Le Sénat, du territoire aux citoyens.

Image1Au terme des élections régionales et cantonales de mars 2004, il apparaît que le débat fut surtout national et que le traitement médiatique, mais aussi politique qui en est fait ne présente pas de distinction claire entre l’enjeu politique dont il est question et la fonction politique de ces élections. Est-ce à dire qu’il est communément admis que le citoyen ne vote pas en connaissance de cause et que l’élection des représentants régionaux et départementaux n’est pas l’enjeu des élections régionales et cantonales ? Finalement, les rôles des régions ou des départements semblent être considérés à la hauteur des budgets qui leur sont alloués. Cette élection s’apparente à un vaste sondage d’opinion, qui se distingue par son exhaustivité relative. C’est dire si le rôle des institutions est méconnu de ceux qui en élisent les membres. Il est une autre institution, le Sénat, qui partage cette distinction. En revanche, le Sénat n’a pas le privilège de faire l’objet de tant de considérations. Probablement parce que ses membres sont élus au suffrage universel indirect et que ces élections se font dans la plus grande discrétion.

Le Sénat est pourtant une institution singulière sur bien des sujets, connu pour son rôle dans le vote des lois proposées par le gouvernement et l’Assemblée nationale ou de sa propre initiative, il reste cependant difficile d’en savoir plus sans être initié et familier des locaux du 15, rue de Vaugirard.
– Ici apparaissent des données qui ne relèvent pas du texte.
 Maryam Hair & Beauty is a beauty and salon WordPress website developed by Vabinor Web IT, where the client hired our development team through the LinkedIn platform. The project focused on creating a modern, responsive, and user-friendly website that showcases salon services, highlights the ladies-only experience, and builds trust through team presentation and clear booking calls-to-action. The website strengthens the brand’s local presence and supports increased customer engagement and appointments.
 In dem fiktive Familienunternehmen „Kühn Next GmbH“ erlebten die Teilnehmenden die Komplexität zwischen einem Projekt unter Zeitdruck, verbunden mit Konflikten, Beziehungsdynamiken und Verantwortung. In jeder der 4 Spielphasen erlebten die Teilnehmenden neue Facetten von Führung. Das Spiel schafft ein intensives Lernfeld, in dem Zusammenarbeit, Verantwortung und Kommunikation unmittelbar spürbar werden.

Bien que méconnu, le Sénat jouit pourtant d’une réputation tenace. Inscrit dans des temporalités longues et désynchronisées du reste de l’activité politique (ses membres sont élus pour 9 ans et renouvelés par tiers tous les trois ans), on lui reproche aussi de représenter davantage le territoire que les citoyens alors que l’urbanisation croissante a considérablement modifié la représentativité nationale des maires et des conseillers municipaux (le suffrage privilégie ces derniers qui occupent plus de la moitié des sièges). Si la fonction du Sénat est bien de représenter les collectivités locales, cette vision cache pourtant le fait que les sénateurs sont souvent élus pour leur singularité plus que pour leur représentativité. L’activité et la dynamique de cette institution, dont le rôle est aussi de contrôler l’activité du gouvernement sous forme de questions, de déclarations ou d’investigations, sont de toute façon au cœur de la politique française. Si le gouvernement peut adopter une loi à l’encontre de la position du Sénat (un peu plus de 10% des cas), il ne peut le dissoudre à la différence de l’Assemblée nationale. Son activité intéresse donc à juste titre les citoyens, au même titre que les régions ou les départements, et il serait regrettable que, là encore, le débat ne porte pas sur des informations précises et bien documentées.
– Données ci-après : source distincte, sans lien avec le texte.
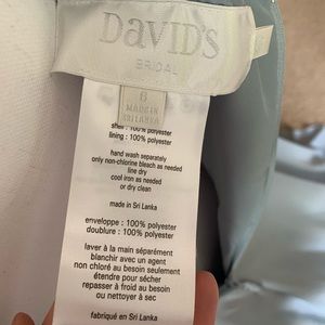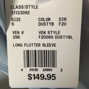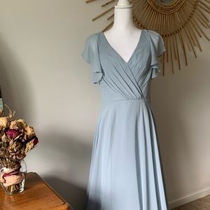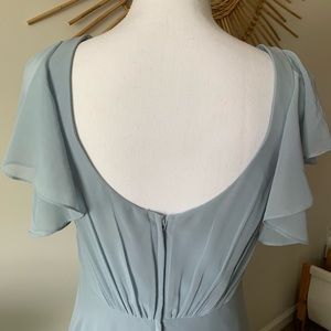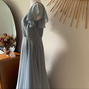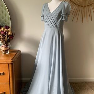 David’s Bridal long flutter sleeve dress in dusty blue. Size 6. NWT. Never worn or fitted. Shell: 100% polyester. Lining: 100% polyester.
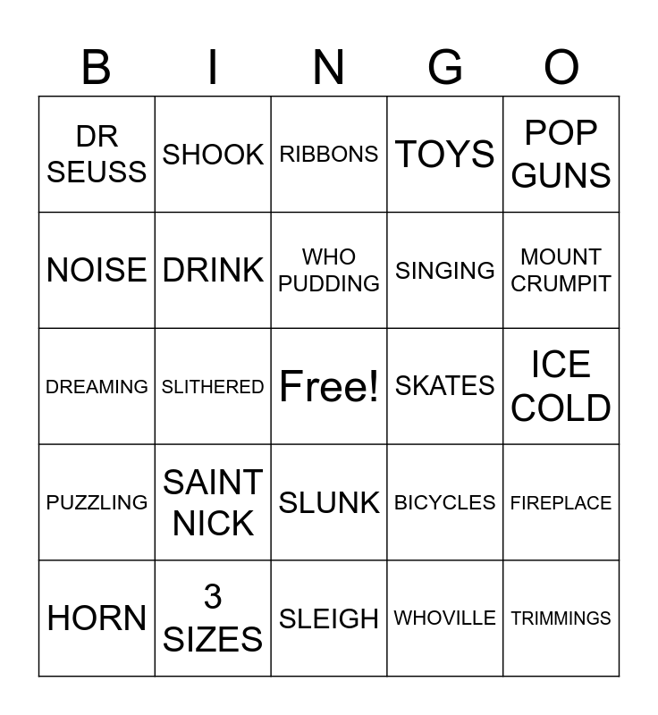 This bingo card has a free space and 95 words: GRINCH, MAX, WHOVILLE, CINDYLOU, MARTHA MAY, CHEERMEISTER, HEART, 3 SIZES, GREEN, WHO HASH, CHRISTMAS, STOLE, ROAST BEAST, WHO PUDDING, SANTY CLAUSE, DR SEUSS, MOUNT CRUMPIT, WHOS, SHOES, MISTLETOE, STOCKINGS, SNARLED, SNEER, GROWLED, TOYS, NOISE, FEAST, SINGING, AWFUL IDEA, TRICK, SAINT NICK, COAT, HAT, REINDEER, HORN, BAGS, SLEIGH, SNOOZE, DREAMING, CHIMNEY, FIREPLACE, SLITHERED, SLUNK, POP GUNS, BICYCLES, SKATES, DRUMS, POPCORN, PLUMS, CHECKERBOARDS, ICEBOX, FLASH, GLEE, DOVE, WATER, WHY, SLICK, QUICK, LIGHT, WORKSHOP, DRINK, FIRE, LOG, HOOKS, WIRE, CRUMB, MOUSE, DAWN, RIBBONS, WRAPPINGS, TAGS, TINSEL, TRIMMINGS, TRAPPINGS, TIPTOP, HUMMING, BOOHOO, SNOW, GROW, SHOOK, SURPRISE, SHOCKING, TALL, SMALL, ICE COLD, PUZZLING, SORE, THOUGHT, STORE, TIGHT, MORNING, LIGHT, FOOD, TOYS and CARVED.
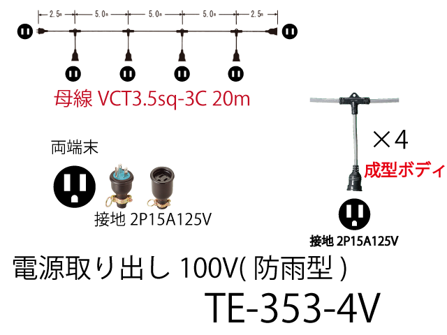 | TE-353-4V | 20 | 3.5sq-3C | 0.25 | 2.0sq-3C | 4 | 0 | ゴム防水接地2P15A | |
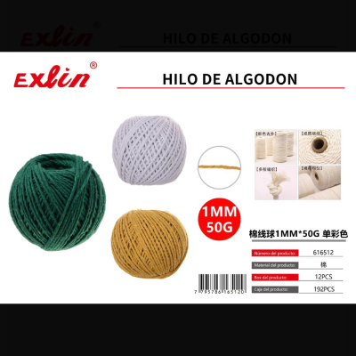 棉线球1mm*50G 单彩色 hilo de algodon, madeja de algodon,1 mm x 50 g, color sólido

Le Sénat entend participer lui-même à cet objectif en proposant un site Internet « au service des citoyens ». En utilisant cette formule et en ne faisant pas référence directement aux collectivités territoriales, le Sénat souhaite créer une passerelle entre le citoyen et son activité, afin de réduire la distance imposée par le suffrage indirect. De ce point de vue, l’objectif est en grande partie atteint pour peu que les personnes intéressées s’approprient l’outil et l’information ainsi mise à leur disposition. Cette institution essaie de dépasser sa représentativité territoriale en rappelant qu’elle est surtout au service de tous les Français.
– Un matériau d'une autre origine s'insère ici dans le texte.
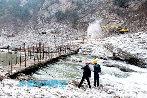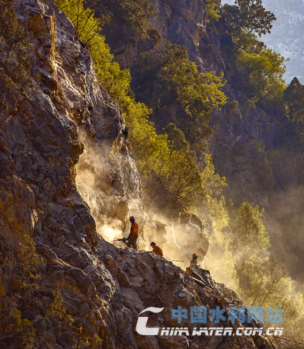 日前,記者來到東莊水利樞紐導(dǎo)流勘探洞施工現(xiàn)場,切身感受了火熱的建設(shè)場面。沿著盤旋的進場道路一路下行到達峽谷底端的導(dǎo)流勘探洞施工現(xiàn)場,一座施工橋梁已經(jīng)架設(shè)在河道之上,數(shù)十輛工程車穿梭在曲折的山路上拉運渣石,一派繁忙景象。工人們頭戴安全帽,緊張地在勘探洞開挖現(xiàn)場施工。據(jù)導(dǎo)流勘探洞項目總監(jiān)理工程師王耀利說,他參建過很多工程,從來沒遇到這么艱難的施工環(huán)境。工人實行“三班倒”作業(yè),24小時晝夜施工,趕進度保工期。從淳化縣車塢鄉(xiāng)下到規(guī)劃中的東莊水庫大壩壩址,狹窄的谷底車來車往,一片沸騰,工人們有的在整修施工道路,有的在拉運設(shè)備,有的在陡峭的山坡上清理坡面,準備開始導(dǎo)流洞進口施工。舉目仰望,峽谷兩邊壁立千仞,只有正午的時候才能透進陽光。
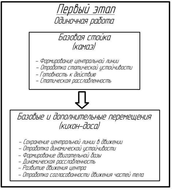 На начальном этапе ученику следует уделять особое внимание выстраиванию своего тела через отработку стойки. Мы учимся правильно распределять вес между ногами в статичном положении, располагать руки, доворачивать бёдра, устремлять вперёд взгляд и энергию, расслаблять плечевой пояс, ощущать центр в камаэ. Здесь же должна осуществляться мысленная работа: анализ своих ощущений, коррекция положения тела в зависимости от них, настройка на предстоящие действия. Параллельно с отработкой стойки ученики начинают знакомиться с основами эффективного передвижения, сначала – через изучение базовых и дополнительных перемещений. Здесь необходимо в индивидуальном движении попытаться сохранить сформированные на определённом уровне принципы и ощущения в статичном положении плюс постигать новые. Это, очевидно, более сложная задача, но именно такая наработка закладывает основу будущей эффективности.

En cela, le site du Sénat est tout à fait exemplaire. Si l’initiative s’inscrit dans une logique croissante de mise à disposition des informations légales de l’activité politique, le Sénat a visiblement envisagé sérieusement cet objectif. Au-delà d’une simple présentation de l’institution, ce site en présente les membres et surtout leur activité. La page d’accueil informe entre autres sur les ordres du jour, l’actualité parlementaire, les dernières publications et les projets ou les propositions de loi. Il est aussi très aisé d’accéder aux rapports ou aux comptes rendus de débats. On y découvre aussi le rôle et l’activité de la délégation du Sénat pour l’Union européenne ou les études de législation comparée européennes classées selon 30 thématiques. La qualité de ce service trouve son intérêt dans la possibilité d’accéder à l’intégralité des documents avec une facilité déconcertante. Manifestement, le site n’a pas été conçu pour rendre cette information peu accessible et peu lisible, mais au contraire, pour en faciliter la recherche et la lecture. Il est aussi expliqué précisément comment contacter un sénateur, par courrier ou par courriel. Enfin, pour peu que le Sénat soit en session, il est possible de suivre le débat en vidéo, même si la qualité de cette transmission reste cependant moindre que celle proposée par la chaîne télévisuelle. Il reste alors la possibilité de se rendre sur place pour une simple visite ou avec l’intention de participer aux séances publiques, dont les modalités d’accès sont elles aussi clairement expliquées. Les détails vont jusqu’à proposer des liens vers les sites de la Sncf, de la Ratp, mais aussi des services informant en temps réel sur les embouteillages. Comment ne pas y voir un excès de bonne volonté ?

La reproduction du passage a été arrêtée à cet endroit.